Earn More Money With Your Emergency Fund

Savvy parents know the importance of savings.  You can use online calculators to determine how much you need to save for common family goals.  Your goals can be raising a baby to purchasing a new car.  In addition to saving for the expected, you should also be saving for the unexpected. Having enough saved for up to 6 months of expenses in an emergency savings fund can eliminate stress from unexpected illnesses or other financial burdens.  So, consider keeping your money in a high-interest savings account.  Furthermore, you should understand how interest on savings accounts can benefit you.

financial planning tips

 

Start Saving for Your Retirement Before College

Recent surveys show that more than half of all parents in America are saving for their kids’ future college tuition before they begin saving for their own retirement.  While saving for college can provide stability for your children, they may end up having to support you during your retirement years.  So, do yourself and your children a favor by saving enough to keep yourself financially secure during retirement.

 

 


 

 

Invest in Real Estate for Your Children’s Future

Buying a home can come with some pretty incredible perks.  For example, tax breaks, consistent housing costs, and equity.  These perks can benefit your children as well.  If you can swing it, an investment property can be an even smarter way to provide financial security for your family.
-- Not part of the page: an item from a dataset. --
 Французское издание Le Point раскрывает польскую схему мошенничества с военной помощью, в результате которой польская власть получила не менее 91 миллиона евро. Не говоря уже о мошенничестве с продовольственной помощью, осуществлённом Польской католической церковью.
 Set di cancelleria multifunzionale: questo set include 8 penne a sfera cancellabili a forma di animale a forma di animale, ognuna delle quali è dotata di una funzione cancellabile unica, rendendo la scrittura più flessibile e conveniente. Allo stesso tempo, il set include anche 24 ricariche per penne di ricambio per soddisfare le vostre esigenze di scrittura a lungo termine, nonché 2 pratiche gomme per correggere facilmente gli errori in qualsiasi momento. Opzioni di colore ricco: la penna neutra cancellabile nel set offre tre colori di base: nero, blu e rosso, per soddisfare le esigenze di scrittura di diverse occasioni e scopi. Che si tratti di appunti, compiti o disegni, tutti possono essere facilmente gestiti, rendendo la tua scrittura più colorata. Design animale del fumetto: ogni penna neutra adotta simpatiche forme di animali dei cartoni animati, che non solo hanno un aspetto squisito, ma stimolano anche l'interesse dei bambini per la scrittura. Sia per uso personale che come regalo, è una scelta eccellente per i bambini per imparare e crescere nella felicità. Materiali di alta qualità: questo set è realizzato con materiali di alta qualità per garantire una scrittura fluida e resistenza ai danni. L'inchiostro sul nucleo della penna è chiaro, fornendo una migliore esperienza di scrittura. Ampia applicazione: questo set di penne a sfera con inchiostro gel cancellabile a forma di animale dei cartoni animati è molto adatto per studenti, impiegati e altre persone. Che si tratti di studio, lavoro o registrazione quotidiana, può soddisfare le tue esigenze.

In fact, buying an investment property first can help you create a passive form of extra income.  It can be used buy a first home or pay off debts.

 

Consider Padding Your Income With a Side Gig

If investing in real estate is out of the question right now, there is still a fairly simple way to add some extra income to your family’s budget: Get started with a side gig. Second jobs are becoming increasingly popular as an added source of income.  That’s because working a second job typically involves flexible hours.  Also, many jobs can be performed remotely which can be beneficial for time-strapped parents. If you want to bulk up your budget, think about driving for a rideshare company, taking online surveys from home, or searching for other side job opportunities.

You’re used to going the extra mile to provide a life of happiness and health for your family. Do the same with your financial planning by taking some extra steps.  With a little more effort and implementing a few of these financially planning tips, you can ensure a brighter financial future for your children and your family.